Dazu gehören DNA-Abgleiche ebenso wie toxikologische Untersuchungen, der Einsatz von Spürhunden und manchmal auch aufwändigere ballistische Tests. Rechtsmediziner arbeiten dabei eng mit Kriminalisten zusammen. „Die Ausstellung bietet ein ausgewogenes Verhältnis von Medizin und Kriminaltechnik“, sagt Thomas Schnalke, Leiter des Medizinhistorischen Museums an der Charité und selbst Arzt. Die Rechtsmedizin nehme innerhalb der Medizin eine besondere Stellung ein: „Es ist ein Auftrag, den der Staat an die Ärzte delegiert hat“, sagt Thomas Schnalke. Wegen der engen Verbindung von Medizin und Kriminalpolizei sind auch in der Ausstellung beide Seiten vertreten. „Hier lässt sich hinter zwei Fassaden gucken: die der Rechtsmedizin und die der Kriminalistik“, sagt Schnalke, „das hat etwas Sherlock-Holmes-haftes.“ 2009 hatte es eine ähnliche Ausstellung gegeben: „Vom Tatort ins Labor“ hieß diese, und damals war die Idee entstanden, einen Aspekt dieses Themas in einer weiteren Ausstellung und vertiefter zu behandeln.

Relativ neu bei der Aufklärung von Verbrechen sei der Einsatz von Computertomografie (CT), sagt Schnalke.

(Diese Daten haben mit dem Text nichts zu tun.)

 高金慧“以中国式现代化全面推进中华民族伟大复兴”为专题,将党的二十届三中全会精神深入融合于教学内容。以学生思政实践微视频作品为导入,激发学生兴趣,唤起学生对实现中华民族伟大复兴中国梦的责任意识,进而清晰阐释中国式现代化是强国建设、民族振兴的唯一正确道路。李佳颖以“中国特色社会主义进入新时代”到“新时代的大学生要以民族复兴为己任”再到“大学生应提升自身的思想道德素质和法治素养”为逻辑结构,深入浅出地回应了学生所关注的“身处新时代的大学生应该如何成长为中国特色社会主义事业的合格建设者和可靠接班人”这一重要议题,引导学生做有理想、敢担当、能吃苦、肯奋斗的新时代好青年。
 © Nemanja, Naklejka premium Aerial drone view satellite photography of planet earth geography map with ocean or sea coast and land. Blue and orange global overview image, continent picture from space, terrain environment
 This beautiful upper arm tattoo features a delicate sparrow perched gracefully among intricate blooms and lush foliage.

Weil die Geräte bei Toten keine Schäden anrichten könnten, sei dort eine besonders hohe Strahlendosis, wie sie bei üblichen Röntgenuntersuchungen an Lebenden undenkbar wäre, problemlos möglich: „So bekommt man hochauflösende Bilder.“ Der Vorteil gegenüber der klassischen Sektion seien die jederzeit reproduzierbaren Bilder. Bei der Sektion würde durch das Aufschneiden des Körpers Beweismaterial unwiderruflich gelöscht, ein Problem, das es bei der Computertomografie nicht gebe. Außerdem ließen sich auf Grundlage der CT-Bilder 3D-Modelle von Körperteilen anfertigen, erläutert Thomas Schnalke. „An solchen Modellen kann man beispielweise den Eintritt einer Kugel und ihren Weg durch den Körper nachvollziehen“, sagt Schnalke.

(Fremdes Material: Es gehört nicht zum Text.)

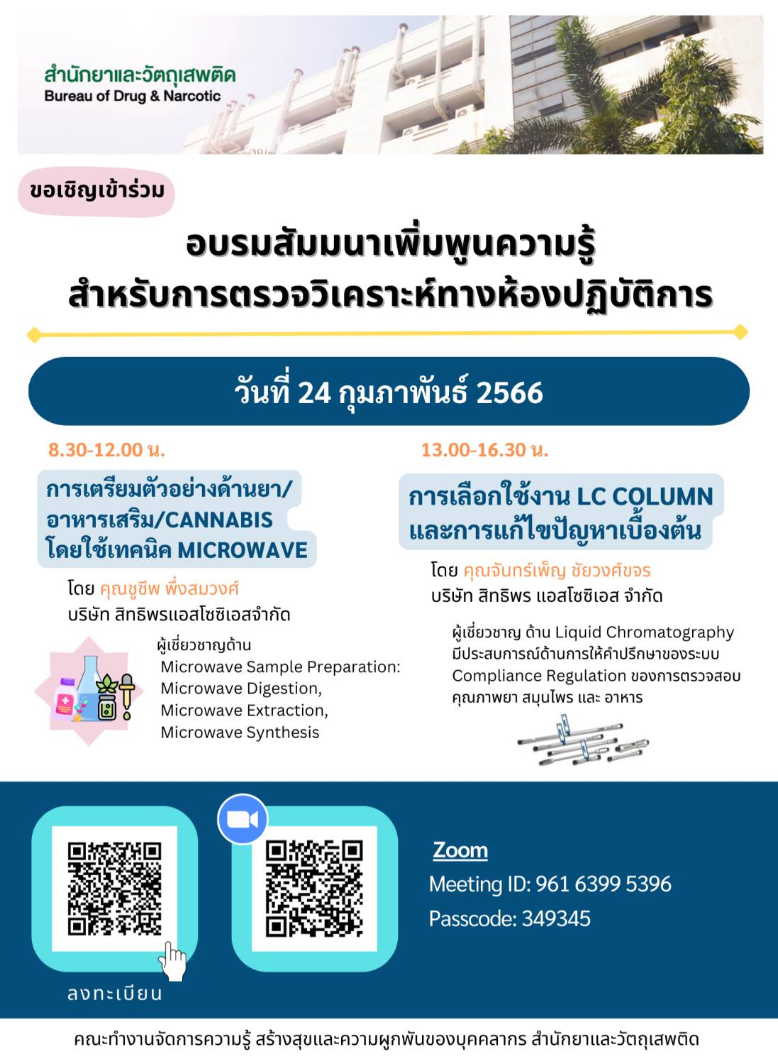 คณะทำงานจัดการความรู้ สร้างสุขและความผูกพันของบุคลากรสำนักยาและวัตถุเสพติด ได้จัดอบรมเรื่อง การเลือกใช้งาน LC คอลัมน์และการแก้ปัญหาเบื้องต้น และการเตรียมตัวอย่างด้านยา / อาหารเสริม / Cannabis โดยใช้เทคนิค Microwave โดยมีวัตถุประสงค์เพื่อให้นักวิเคราะห์ทั้งภายในและภายนอกหน่วยงาน ได้รับการพัฒนางานด้านการตรวจวิเคราะห์ยาและยาเสพติด และสามารถปฏิบัติงานให้สอดคล้องกับหลักวิชาการและได้ผลการวิเคราะห์ที่เที่ยงตรง แม่นยำ ดังนั้น ทางคณะทำงานจัดการความรู้ฯ จึงได้จัดการอบรมหัวข้อนี้ทั้งทาง onsite และ online ผ่านระบบ Application Zoom meeting เมื่อวันที่ 24 กุมภาพันธ์ 2566 ณ ห้องประชุม 110 อาคาร 14 (100ปี การสาธารณสุขไทย) กรมวิทยาศาสตร์การแพทย์ โดยได้รับเกียรติ์จากวิทยากรผู้เชี่ยวชาญของบริษัท สิทธิพร แอสโซซิเอส จำกัด คุณชูชีพ พึ่งสมวงศ์ และคุณจันทร์เพ็ญ ชัยวงศ์ขจร มาบรรยายในหัวข้อ

Wenn alle Spuren und Beweise gesichert sind, gilt es abzuwägen: Handelt es sich um Mord, Suizid oder Unfall? Dabei werde das soziale Umfeld der Opfer berücksichtigt, aber die Spuren gäben auch wichtige Hinweise. „Man kann etwa anhand von Blutspritzern bestimmen, ob sich jemand mit einer Pistole selbst erschossen hat oder ob diese von einer anderen Person abgedrückt worden ist“, sagt Schnalke. Doch bei allem Fortschritt, endgültig klären lässt sich bislang nicht jeder Fall. „Man braucht auch Hinweise aus der Bevölkerung oder Spuren eines Verdächtigen“, sagt der Medizinhistoriker. Oder eine Vergleichs-DNA, denn nur damit kann der Täter überführt werden. Fehlen all diese Hinweise, bleibt ein Fall auch schon mal ungeklärt.